──────── Information given
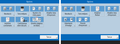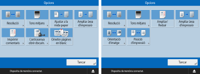Pantalla d'opcions d'impressió
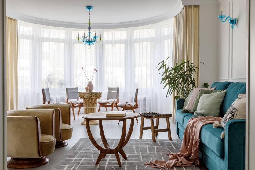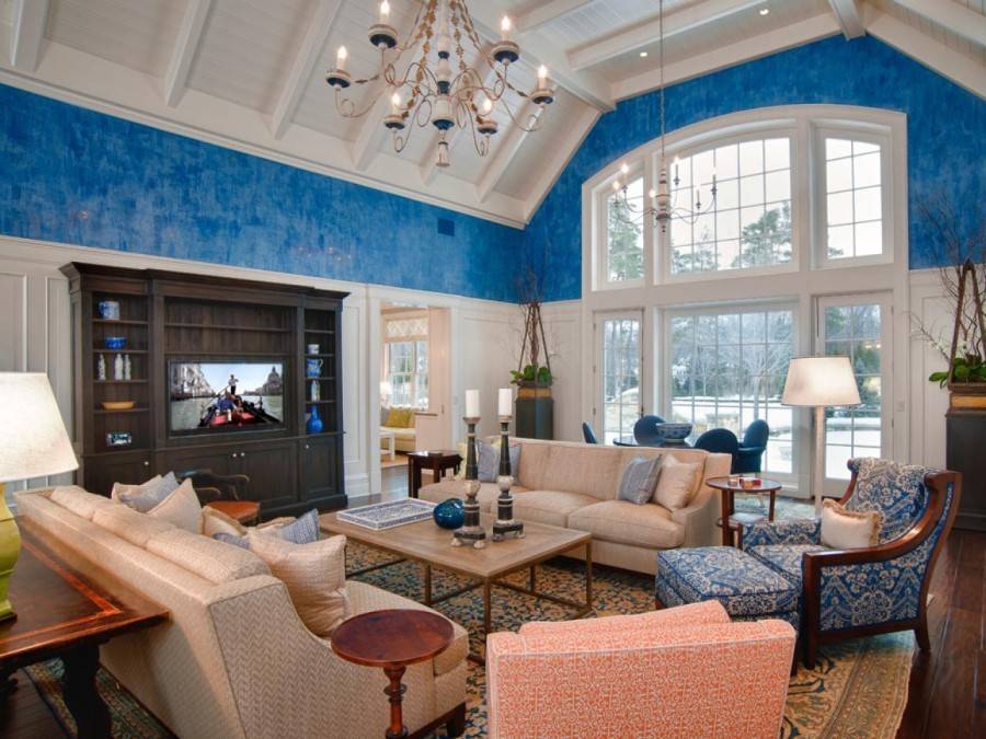 Синий. Для гостиной подойдут и нейтральные светлые, и насыщенные темные цвета, даже такие, как индиго / электрик. Учитывать насыщенность обязательно: светло-синие решения неприхотливы в плане подбора мебели, а вот с темными ситуация сложнее.
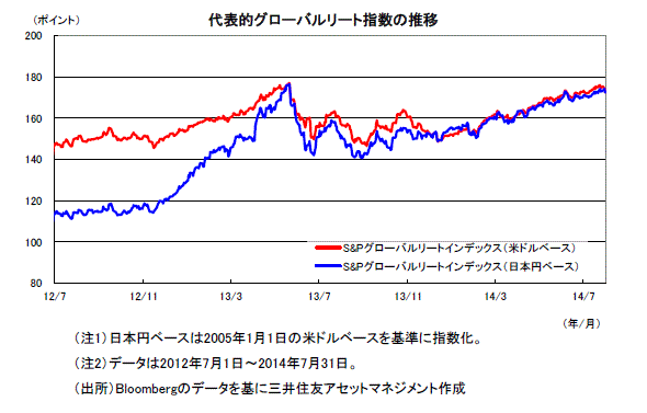 リート価格は上昇しました。米国などの主要国の国債利回りの低下や低金利環境が長期化するとの観測が強まり、リートに資金が流入しやすい環境が続きました。また、米ドルが円に対して上昇したことなどから、円ベースでは上昇が大きくなりました。
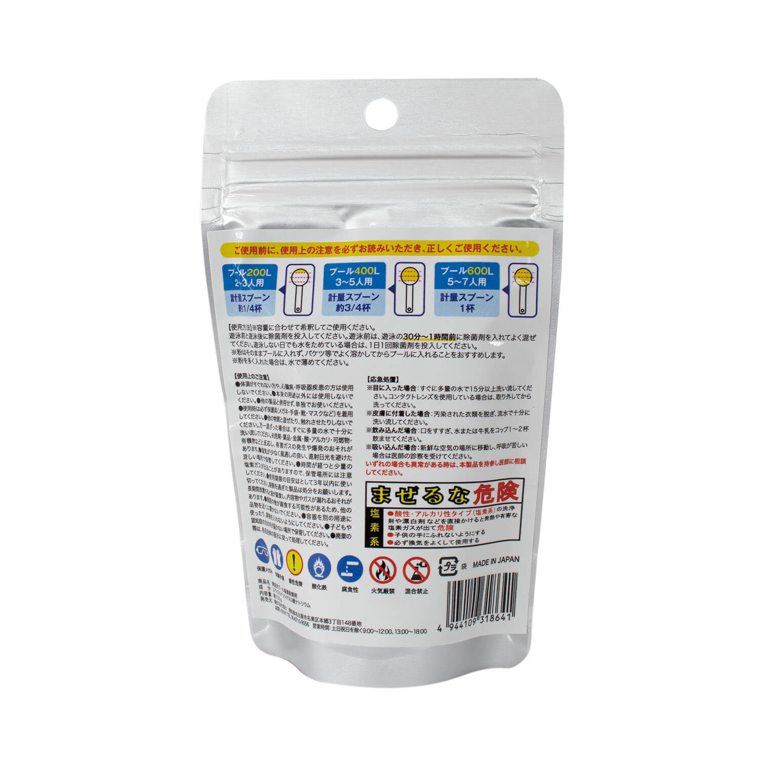 粉末タイプなので必要量を調整しやすく、小型~大型の家庭用プールに対応。
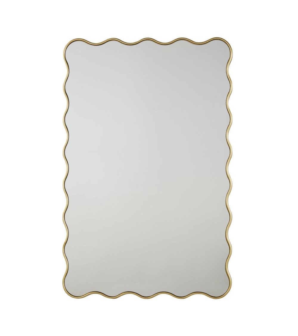 Le miroir CANELA joue la carte de loriginalité avec ses contours ondulés dorés ! Ce grand miroir pourra être positionné verticalement ou horizontalement selon vos envies, et donnera une jolie tonalité exotique à votre déco !
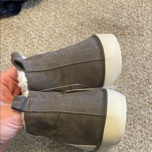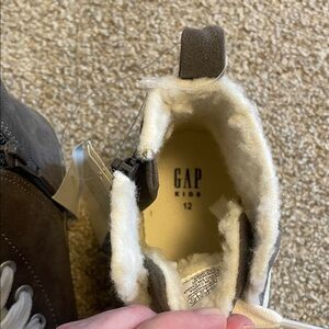 Chic GAP Kids high-top sneakers with a charcoal and cream design. Features side zipper for easy wear and laces. Ideal for active kids. New with tags and from pet and smoke free home! Size 12T!
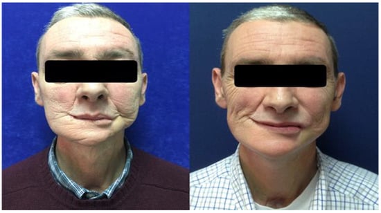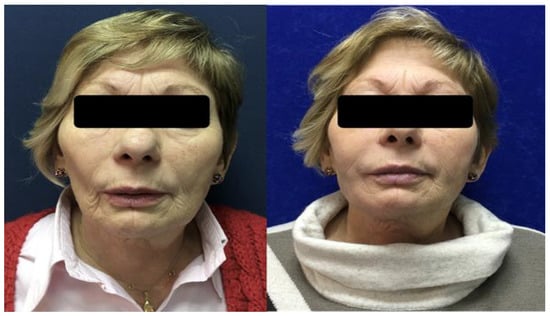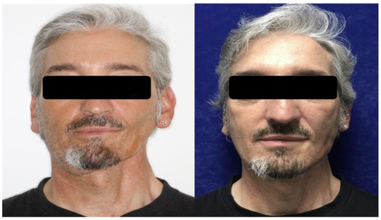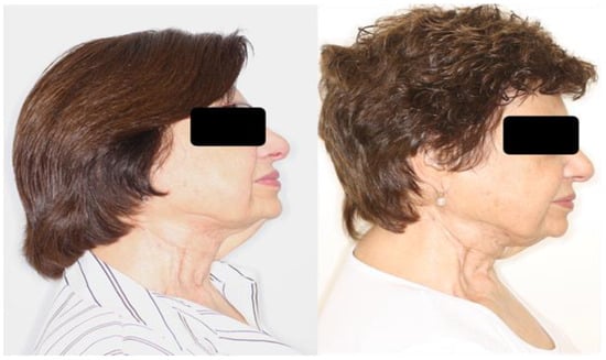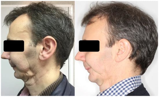 Esthetic improvement was obtained in 31 patients (77.5%), being significant in 7 of them (17.5%). In relation to functional alterations, there were three patients who scored 0 preoperatively. In the remaining 37 patients, functional improvement was found in 33 (89.2%), being significant in 11 of them (29.7%). One of the most widespread findings in the treated patients was clinical improvement in the quality of irradiated skin on the neck or face, with apparent improvement in blood supply, skin smoothness, function, and elasticity. The analysis of graft stability was performed clinically by evaluating the patient and analyzing the photographic documentation, showing a progressive volumetric decrease close to 50% of the injected volume in all patients. Details of treatment characteristics and outcome of the study patients are shown in Table 1. Figure 1, Figure 2, Figure 3, Figure 4 and Figure 5 show some representative cases. Postoperative photographs of these patients were obtained between 6 and 12 months of follow-up after the fat grafting procedure.
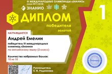 Поздравляем Емелина А., ученика 2Б класса, победителя III Международных олимпиад «Знанио» по английскому языку. Молодец! (учитель Арнюскина Н.В.)
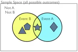 Notice that both event A and Event B have the STAR in common. However, when you list the Union of the events you only list the STAR one time!
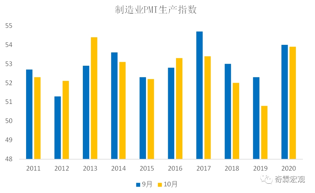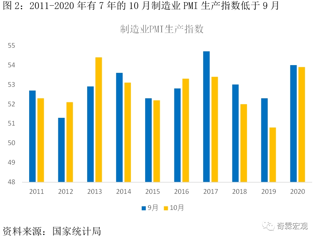 2011-2020这10年有7年的10月PMI生产指数和9月相比是下降的。过去9年制造业PMI生产指数9月和10月的均值分别为52.8%、52.6%,环比下降0.2%,和今年环比下降0.1%接近,因此生产下降能够用季节性规律来解释。
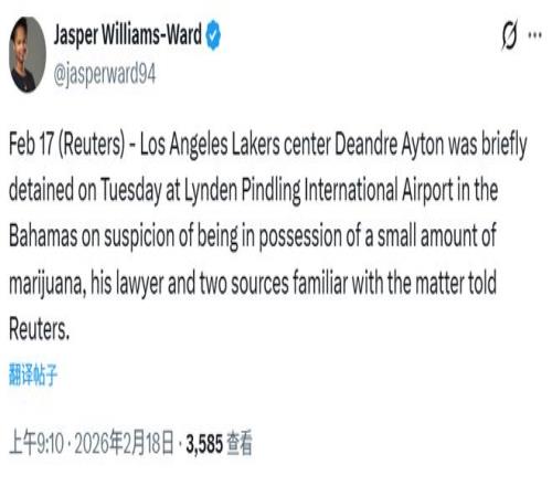 北京时间2月18日,据其状师及两名知情人士向路透社证实,洛杉矶湖人中锋德安德烈-艾顿于今日在巴哈马林登-平德林国际机场因涉嫌携带少量大麻被短暂扣留。
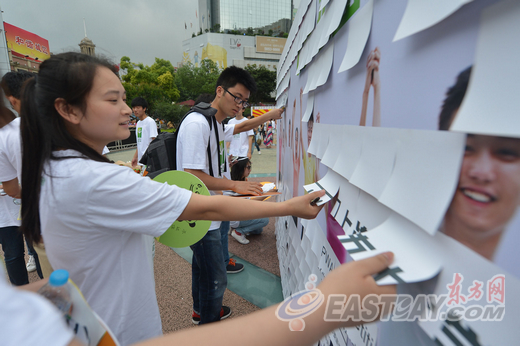 6月5日报道:“微公益•梦启航”上海市大学生公益广告大赛今天上午在南京路步行街世纪广场举行启动仪式。本次大赛由市委宣传部、市文明办、市教卫工作党委、市教委联合主办,上海工程技术大学、上海理工大学承办,全市各大高校共同参与。市委宣传部副部长、市文明办主任燕爽,市教卫党委副书记、市教委副主任高德毅共同启动大赛。 启动仪式现场,12幅主题鲜明的大学生公益涂鸦作品引人注目,入场处别具匠心的公益涂鸦撕纸墙让人驻足。此次大赛从4月28日起开始“预热”,组委会通过上海大学生网络互动社区向全市大学生发出“征集令”,在征集大赛标识和主题的同时,提供若干公益主题,全市30万大学生在线投票,截止5月15日,选出了志愿服务、生态保护、光盘行动、尊老爱幼、低碳出行、绿色消费、社会责任、网络公德、意志坚强、心理健康、食品安全和出彩人生等十二个公益主题。来自本市12所高校的大学生们将这些公益主题以涂鸦的方式展示出来,以12幅主题鲜明的作品传递公益理念。 大学生们不仅设计制作公益涂鸦作品,更组成一支支公益践行队伍,传播和升华作品理念。启动仪式上,与会领导为来自沪上高校的13支公益行动队授旗,并为获得大赛最佳主题创作奖、最佳标识设计奖等奖项的同学颁发了奖杯和证书。今天正值世界环境日。结合今年环境日的世界主题“思前、食后、厉行节约”(Think.Eat.Save)和中国主题“同呼吸、共奋斗”,启动仪式结束后,大学生们开展了丰富多彩、富有创意的公益践行系列活动。以旧锅碗瓢盆为“乐器”的乐队,奏出悠扬曲调;”Paint the world Green”(让世界充满绿)行为艺术表演,展现了公益传播最时尚的手段;“我的公益主张”——与市民互动项目中,志愿者用备好的彩色卡纸、刮蜡纸等请在场市民用一句话写出环保理念、公益梦想、文明建议等,凸显世界环境日主题,在参与活动的市民中选出较好的创意,用拍立得拍下照片赠送市民;废物换绿活动中,志愿者向市民宣传“同呼吸,共奋斗”的环保理念,鼓励市民用手边的废旧物品换取志愿者手中的绿色盆栽。 志愿者用备好的彩色卡纸、刮蜡纸等请在场市民和大学生用一句话写出环保理念、公益梦想、文明建议。 据悉,本次大学生公益广告大赛将征集平面、广播和视频三个类别的广告作品。比赛结束后,组委会将聘请业内专家对作品进行评审,并计划于9月中旬举行颁奖仪式。此次大学生公益广告大赛获得了解放日报、文汇报、新民晚报、上海广播电视台、上海教育电视台、东方网、新华社上海分社新媒体中心等媒体和相关单位的支持。获奖作品将通过各传统媒体和新媒体刊登、播放。 以生态保护、光盘行动、尊老爱幼、低碳出行、绿色消费等为主题的12幅大学生公益涂鸦作品引人注目。 原文连接: 东方网:http://sh.eastday.com/m/20130605/u1a7438390_4.html 转载连接: 新浪网:http://news.sina.com.cn/c/p/2013-06-05/130727319132.shtml 和讯网:http://news.hexun.com/2013-06-05/154877702.html 搜狐网:http://roll.sohu.com/20130605/n378072222.shtml 温州网:http://news.66wz.com/system/2013/06/05/103674320.shtml 中国经济网: http://gongyi.ce.cn/xwrd/xmzl/feigongmujijinhui/201306/05/t20130605_911117.shtml
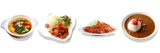 4つの施設で販売する新メニューでは、オアシス御殿場より人気の辛もつ鍋をさらにパワーアップした「博多激辛もつ鍋」、レンブラントスタイル御殿場駒門より料理長特製のピリ辛旨辛「豚キムチ定食」、御胎内温泉健康センターより旨辛でも激辛でも味わえる「とりチリ定食」、富士八景の湯より、スパイスを入れて激辛に仕上げた「汗だくふじさまカレー」が登場します。
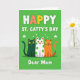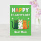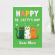 This card shows three stylized cats sitting upright in a neat row on a solid emerald green background, their front-facing pose giving the scene a friendly, balanced look 💚. The left cat is deep forest green with bright yellow eyes and a small pink smile, as if it’s leaning in to join the group photo. In the middle, a white cat is covered in chartreuse polka dots, its matching yellow eyes and rosy snout adding a sweet, close-knit feel between the three. On the right, an orange cat completes the trio, its simple shape and cheerful face making it feel like the warm friend who always rounds everyone up. Across the top, the phrase “St. Catty’s Day” appears in large letters with a mix of white, coral, and golden yellow, and small white shamrocks sit nearby as a nod to St. Patrick’s Day ☘️. Near the bottom, “Dear Mom” is written as a direct address, set below the cats so it reads like a note tucked under their paws. The overall look stays flat and graphic with strong color contrast, and the shamrocks and text float above the cats against the green field.
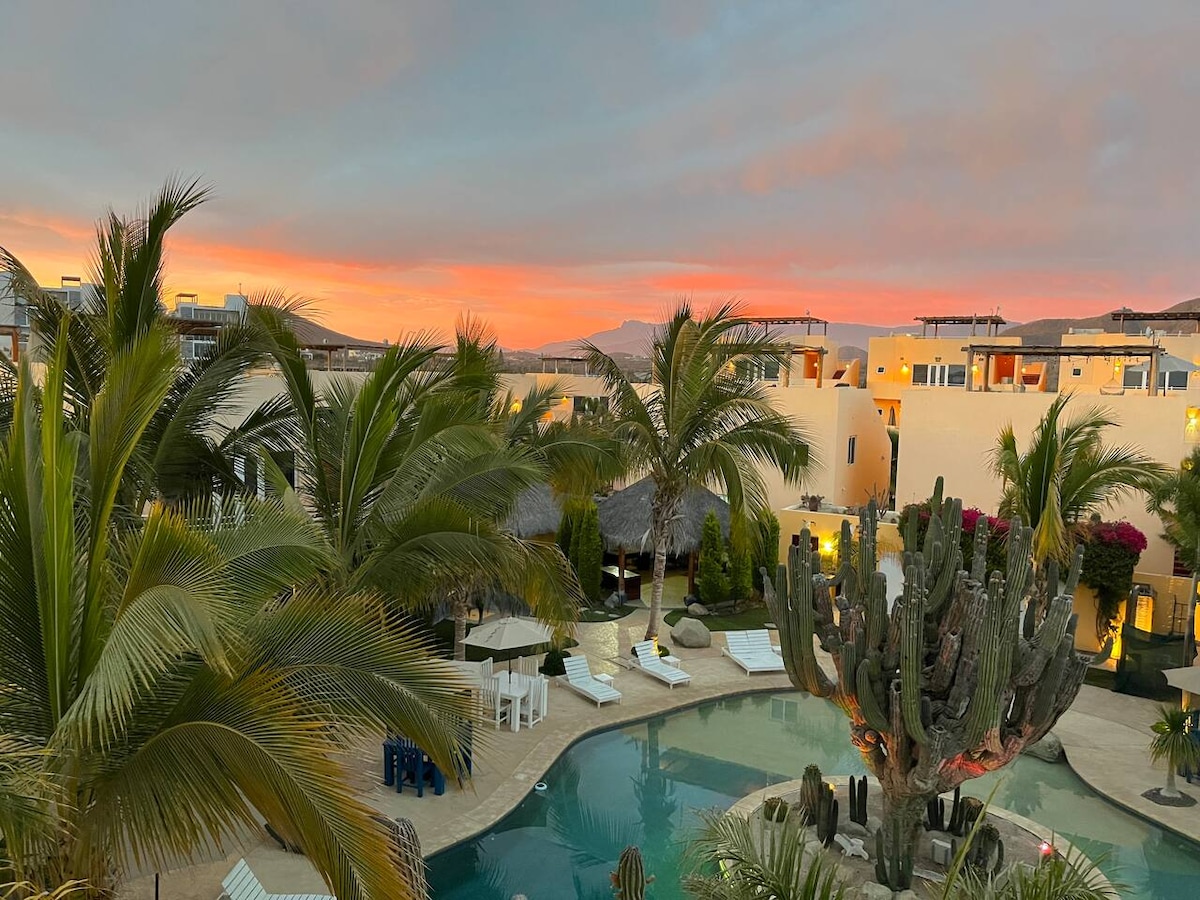 Curious to know what all the talk is about Cerritos? Let this 1 bedroom casa be your home away from home while you discover all that Cerritos has to offer! Relax in the onsite pool & 2 hot tubs or take a short 7 min walk to the beach for great swimming & surfing. The spacious & bright home has a queen bed in the bedroom with additional queen bed in the living space. The fully stocked kitchen is outdoors under an authentic palapa roof. Enjoy a margarita or two on the rooftop patio!
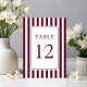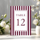 Elegant Striped Burgundy Wedding Table Number
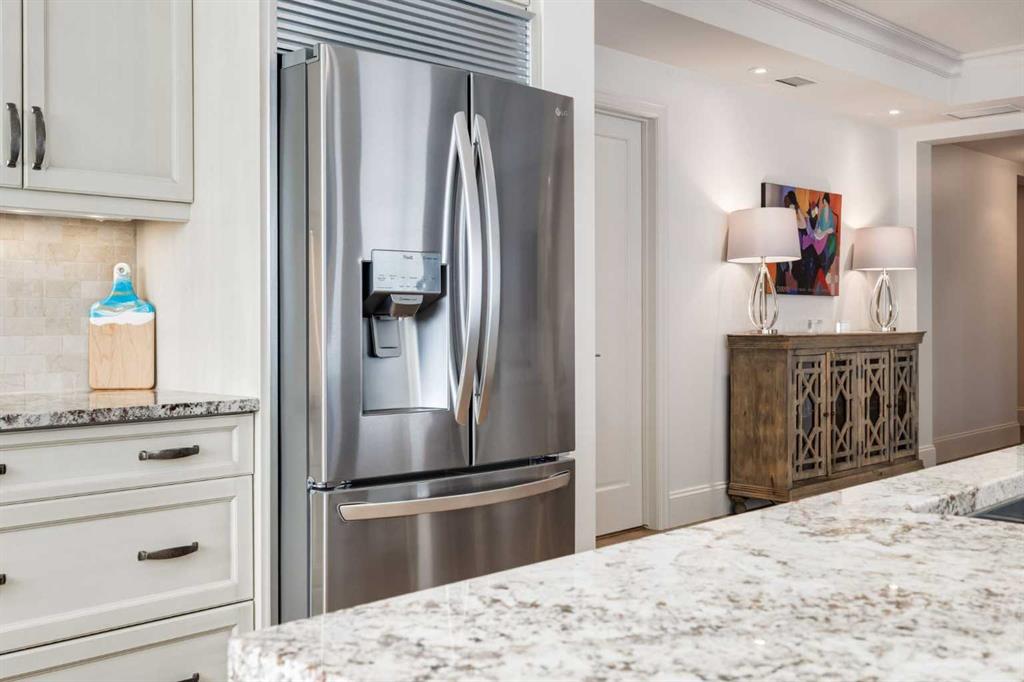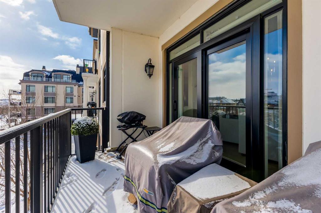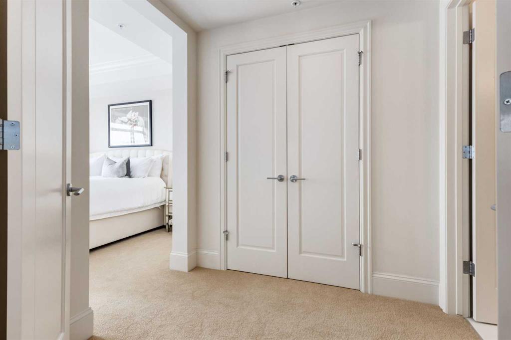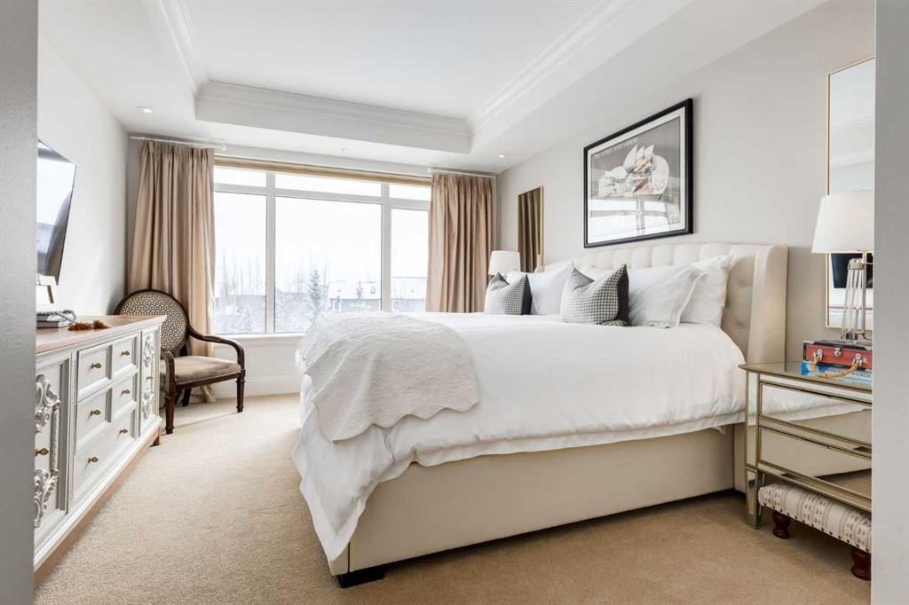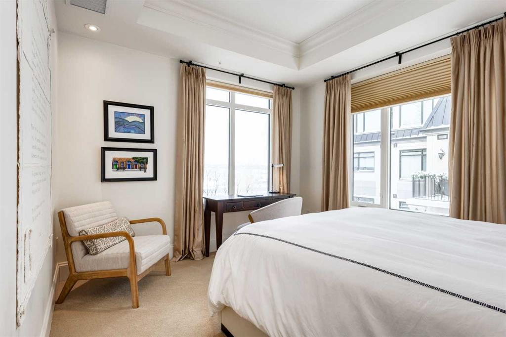 For some, luxury is an occasional indulgence. For others, it is a way of life. If every day luxury & refined living are what you desire, look no further than this outstanding CORNER suite at Champagne in Quarry Park. Offering 1631 SF of impeccably curated living space, with 9-foot ceilings that are flooded with natural light & serene tree top views. Every detail has been thoughtfully considered & the spacious floor plan is sure to delight. A gracious front entrance welcomes you into the suite, & offers a walk-in closet and custom built in cabinetry for your storage needs. The spacious living area with hardwood flooring throughout is sure to delight - a cozy fireplace surrounded by built-ins anchors the living room, sunny & bright dining area with windows on 2 sides is ready to host your family gatherings and provides patio door access to the east facing balcony. The show-stopping kitchen is a chefs dream – expansive island & granite counters, full tile backsplash, luxurious stainless steel appliances including a gas stove & new LG fridge with water/ice dispenser, and an abundance of cabinets providing ample storage including wire pull out racks – so convenient! The serene primary retreat is generously proportioned & offers space for a king-sized bedroom suite & sitting area, while the 5 piece ensuite bath delivers a spa-like experience worthy of a luxury hotel – featuring a relaxing soaking tub, separate shower, granite counters & dual sinks. The walk in closet features a new custom closet system. Second bedroom, equally well-appointed, provides dual aspect windows with beautiful river views & a 3 piece ensuite bath. Additional features include central air conditioning, coffered ceilings, estate millwork, solid core doors, new LG wash/dryer tower with steam function, new composite decking installed on the balcony, new carpet in both bedrooms, Hunter Douglas blinds throughout (black out blinds in the bedrooms), custom drapery in this non-smoking, pet-free home. TWO titled, side by side underground parking stalls are included, located very close to the elevator, a rare & valuable convenience. Also included is a titled storage locker on the same level as the parking spots. You’ll appreciate the peace of mind that comes with Champagne’s reputation for exceptional maintenance & inherently quiet concrete construction. Additional building features include 2 car wash bays, bicycle storage, plenty of visitor parking & a peaceful courtyard. Plus it’s pet friending – 2 dogs or cats or combo of both, with board approval. The location can’t be beat! Walk to Carburn Park, The Market at Quarry Park offers great amenities including Starbucks, The Park and Original Joe’s restaurants & Co-Op grocery, the Remington YMCA is just around the corner and of course the extensive river pathway system is just outside your door. Easy access to major traffic routes and numerous SE Calgary amenities. This unit shows like new and must be viewed in person to be fully appreciated!
────────────────
§ **What you are asked to do**:
Text only, no pictures: please print exactly the lines above from the line with "粉末タイプなので必要量を調整しやすく、小型~大型の家庭用プールに対応。" up to and including the line with "Chic GAP Kids", and nothing else.

§ **Exercise answer**:
 粉末タイプなので必要量を調整しやすく、小型~大型の家庭用プールに対応。
 Le miroir CANELA joue la carte de loriginalité avec ses contours ondulés dorés ! Ce grand miroir pourra être positionné verticalement ou horizontalement selon vos envies, et donnera une jolie tonalité exotique à votre déco !
 Chic GAP Kids high-top sneakers with a charcoal and cream design. Features side zipper for easy wear and laces. Ideal for active kids. New with tags and from pet and smoke free home! Size 12T!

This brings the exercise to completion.